Photometric redshift summary

Photometric redshift summary

- 14 mins


After reading several papers on the topic I had to reevaluate the methods that were used and test their accuracy and re-implement the majority of them.

Photometric redshift estimation is a highly popular area and is still very important today as a huge portion of the sky is not accurately measured or measured at all by spectroscopists so finding the redshift of available data and developing a good method and tool to accurately predict it would be highly beneficial for all.

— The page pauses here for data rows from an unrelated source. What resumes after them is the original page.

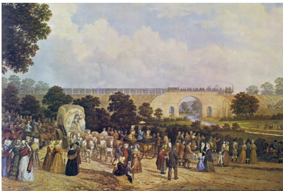
Afb. 1 John Dobbin, Inhuldiging van de eerste openbare spoorlijn, de lijn Stockton-Darlington, in 1825 , ca. 1875 Olieverf op doek. York, National Railway Museum

Jan Antoon Neuhuys, Inhuldiging van de eerste spoorlijn in België op 5 mei 1835 , detail van cat. 4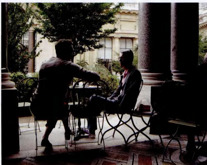
小皇宫博物馆悠闲游客

小皇宫博物馆诠释出：历史与现实、文化与自然、物质与非物质、可移动与不可移动等不同时代、形态和形式的遗产在博物馆受到保护进而传播成为可能——这就是博物馆不断更新、日益强大的社会职责。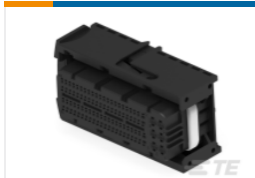
TE 产品编号7-1355136-3 94POS MIXED MQS REC SEALED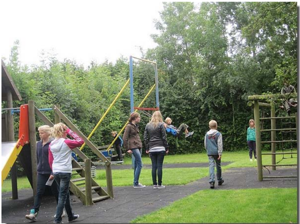
Dan nog maar even terug naar de speeltuin.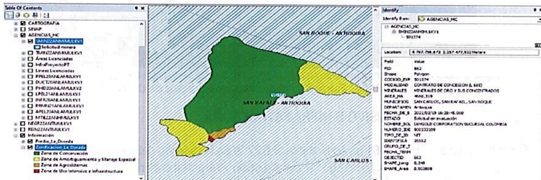
Figura 7. Traslape del predio denominado "Rural" FMI No. 018-1160, que conforma la RNSC " LA DORADA" en la vereda La Dorada, Municipio de San Rafael.

Teniendo en cuenta dicha revisión se identificó un Traslape con Solicitud Minera - ANM: 501374 (Figura 7).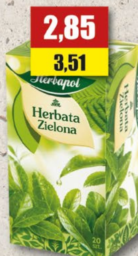
HERBAPOL Zielona exp.; 20 T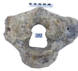
55 Haplomastodon chimborazi ATLAS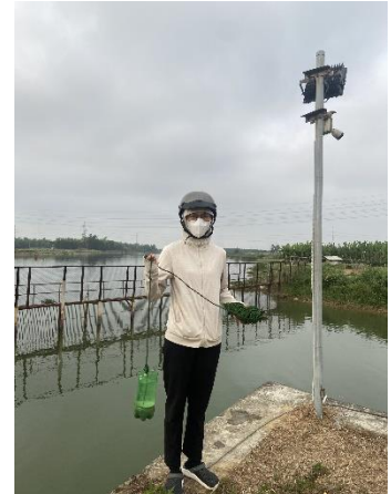
Hình 3. Thượng lưu NMN Cầu Đỏ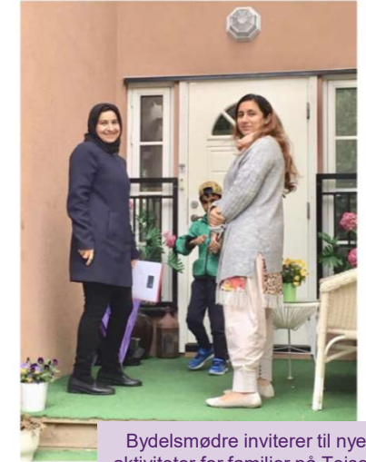
Bydelsmødre inviterer til nye aktiviteter for familier på Teisen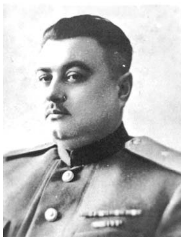
LSSR NKGB-MGB komisarai- ministras gen. Dmitrijus Jefimovas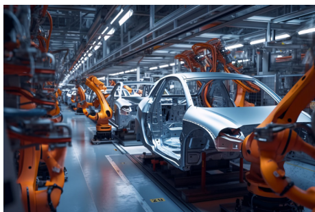
THOST unterstützt große Automobilhersteller dabei, die Fertigung von Elektroautos in ihre bestehende Produktion zu integrieren.

THOST Projektmanagement ist jährlich an durchschnittlich 500 Projekten weltweit beteiligt. Die Kundenbasis des Familienunternehmens ist breit und umfasst sowohl mehr als die Hälfte der DAX-Konzerne als auch lokale Akteure wie beispielsweise die Städte Karlsruhe und Rheinstetten, die Sparkasse Karlsruhe oder die Großraffinerie MiRO. Die langjährige Zusammenarbeit mit vielen renommierten Kund*innen unterstreicht das breite Vertrauen in die Fachkompetenz und Zuverlässigkeit von THOST. So unterstützt der Familienbetrieb beispielsweise große Automobilhersteller dabei, die Fertigung von Elektroautos in ihre bestehende Produktion zu integrieren.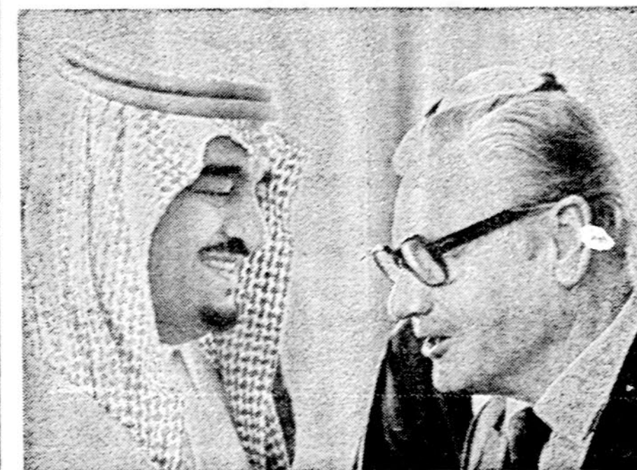
Kai viceprezidentas Nelson Rockefelleris dalyvavo karaliaus Faisalo laidotuvėse, susitiko su princu Fahd, Saudi Arabijos sosto įpėdiniu.

Brežnevo vizitas į Amerika, numatytas birželio mėnesį, greičiausiai, bus nukeltas į rugsėjo mėnesį. Kremlius pirmą nori sukviesti 35 kraštų, dalyvaujančių Europos Saugumo ir bendradarbiavimo konferencijoje, viršūnių susitikimą ir ratifikavimą geografinių pasikeitimų po II pasaulinio karo.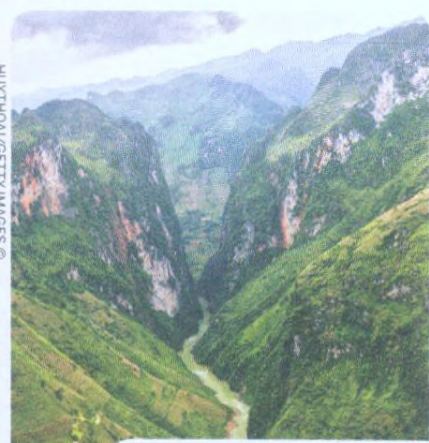
PROVINCIE HA GIANG STR. 141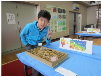
夏休みの作品展に出した「迷路」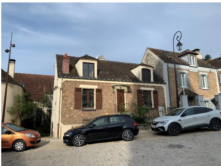
Figure 11 : Façade à conserver_ Place de l'Eglise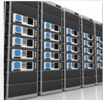
Server Architecture Servertechnologie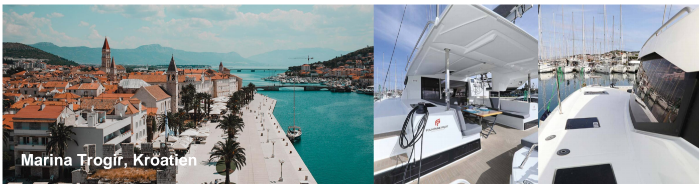
Marina Trogir, Kroatien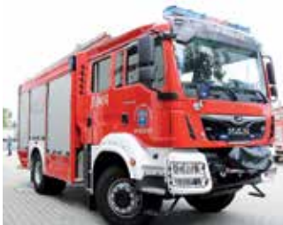
Nowy samochód dla OSP Wolica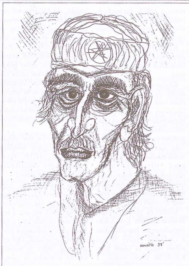
Horváth Zoltán grafikája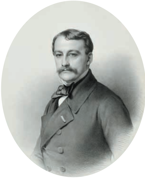
Karl Egon III. Fürst zu Fürstenberg (1856). Lithographie von Alphonse Leon Noël (1807–1884), nach Franz Xaver Winterhalter (1805–1873). Fürstlich Fürstenbergisches Archiv.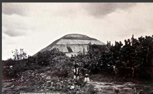
Pirámide del Sol en Teotihuacán, Estado de México, Hugo Brehme, ca., 1930, Colección de La fotografía en México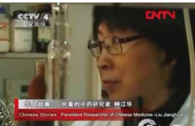
▲ 2012年4月12日中央電視台“華人世界”節目報道。

這突如其來的疾病讓她震驚、痛苦，也讓她對自己過去的研究和未來方向有了新的思考。希望將自己的學識和研究成果更緊密地結合到臨床實踐中去，用中醫藥去幫助人們預防和治療疾病。親歷的病痛，堅實的學術底蘊和善良的品格組合出強烈的使命感，她做出人生轉向的選擇。經過反覆思考，她認為人生短暫，應該在有限的生命中做出無限的貢獻。中醫藥是她的理想和事業，如果將愛好和特長結合到工作中，將是最大的快樂和成就。在得到了家人的理解與支持後，她就辭別了公務員生涯，籌建診所，開始了人生中的一個新里程。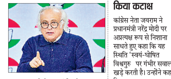
एजेसी नई दिल्ली

पश्चिम एशिया में शांति बहाली की उम्मीदों के बीच कांग्रेस ने भारत सरकार की कूटनीतिक विफलताओं पर सवाल उठाए हैं। पार्टी ने विशेष रूप से इस बात पर चिंता व्यक्त की है कि कैसे पाकिस्तान, जिसे अप्रैल 2025 के पहलगाम आतंकी हमले के बाद भारत द्वारा अलग-थलग करने के प्रयास किए गए थे, अब अमेरिका और ईरान के बीच मध्यस्थ की भूमिका निभा रहा है। कांग्रेस नेता ने एक्स पर एक पोस्ट में लिखा कि अमेरिका-ईरान की बैठक इस्लामाबाद में शुरू हो रही है और पूरा विधान, जिसमें भारत भी शामिल है, उम्मीद कर रहा है कि यह दोनों देशों के बीच एक स्थायी शांति प्रक्रिया की शुरुआत होगी, जो इजराइल की अपने पड़ोस में निरंतर आक्रामकता से पटरी से न उतरे।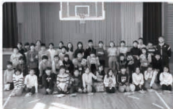
五城目ならではの体験を通じ、友情の輪を広げました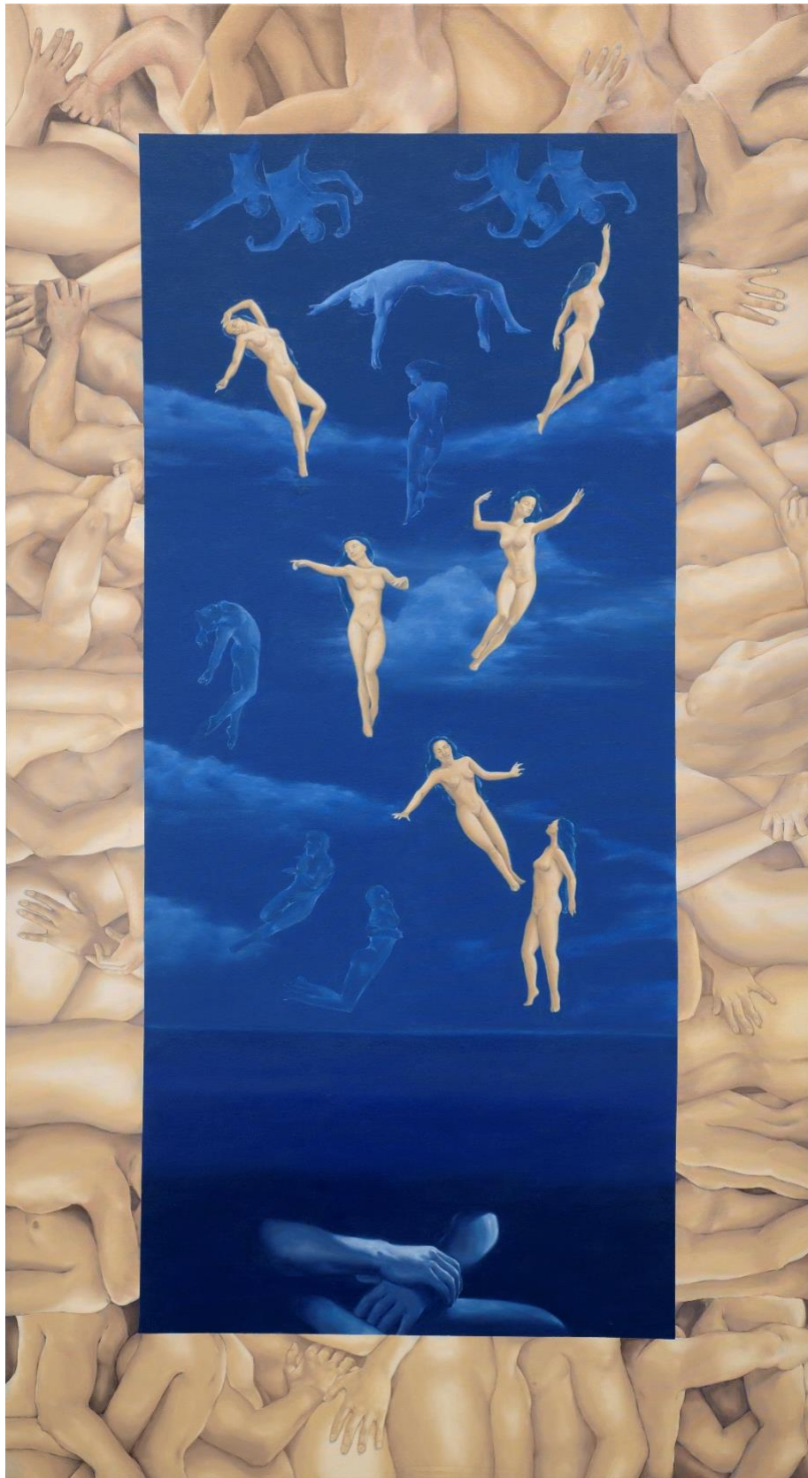
Λάδια, 195x100, 2024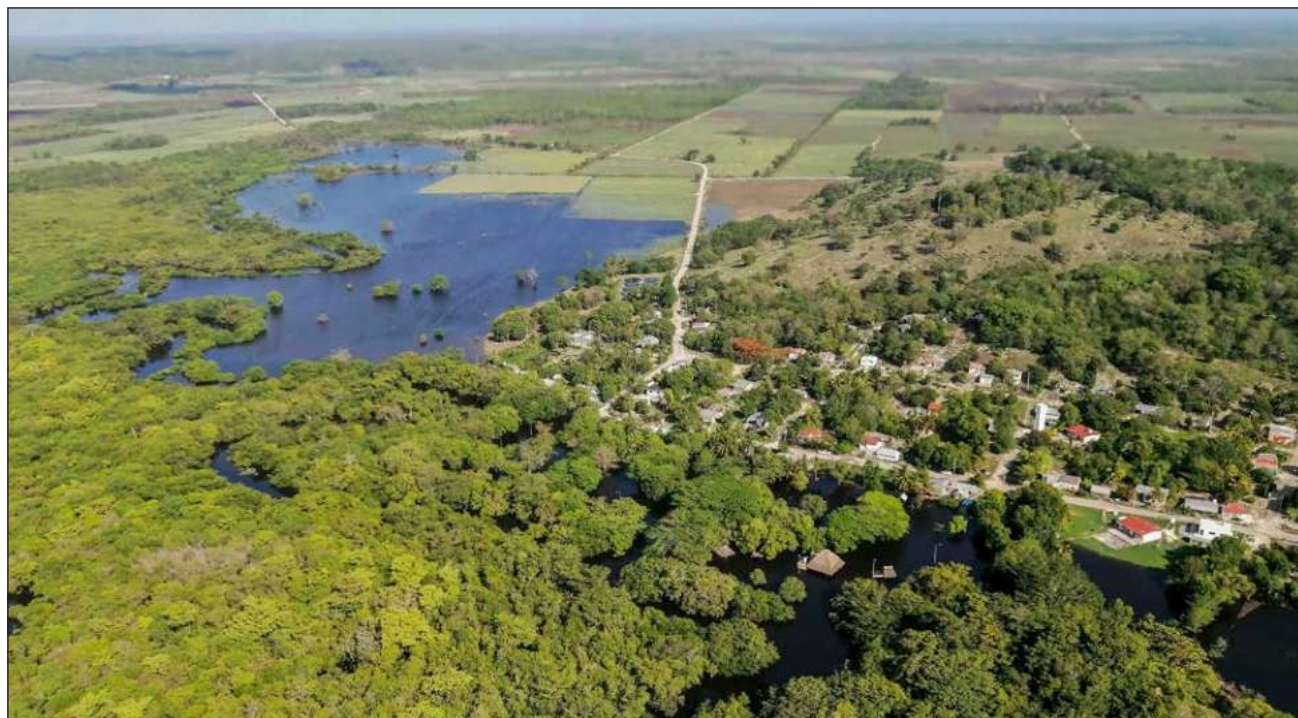
▲ La Geografía Aplicada está enfocada en la resolución de problemas socioambientales locales.

“La licenciatura se creó especialmente para Mérida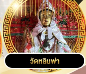
วัดหลิวฟา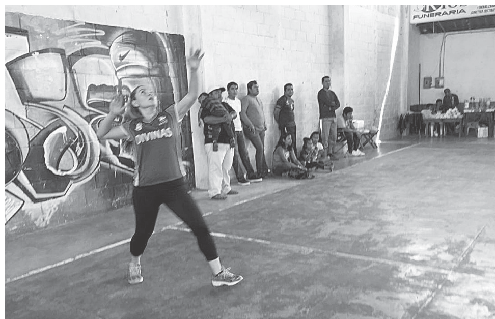
► Divinas hizo lo suyo.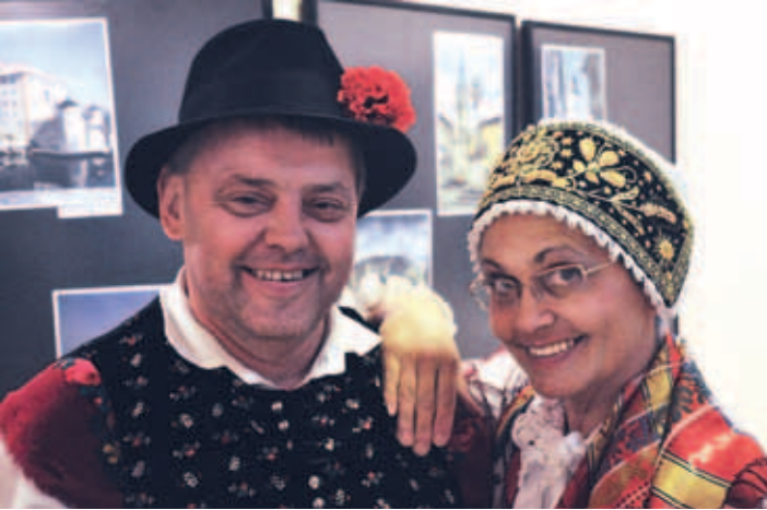
Eli in Nenad.

V organizaciji kulturno-umetniškega društva Zvir iz Jelenja je v nabito polni dvorani Doma kulture pod naslovom Drmeš – DA! potekalo tekmovanje folklorno-plesnih parov v narodnih plesih. Ta enkratni projekt je nastal na Hrvaškem, njegov cilj pa sta ohranitev in promocija hrvaških narodnih plesov.

My task is to get familiar with these concepts and try to find the best among them with machine learning techniques and general clustering algorithms.

The problem

The Sloan Digital Sky Survey has done an imaging survey in five optical bands which was later on followed by a spectroscopic measurement where more than a million galaxy was observed. The optical bands were matched with the right spectroscopic data and magnitudes and redshifts were calculated. It is all stored in a huge database which is available on the SDSS SkyServer [@server].

The magnitudes and petrosian magnitudes, which is corrected for each galaxy type and by other factors as well, can be found in this database with the appropriate errors and the spectroscopic data can be joined to it as well.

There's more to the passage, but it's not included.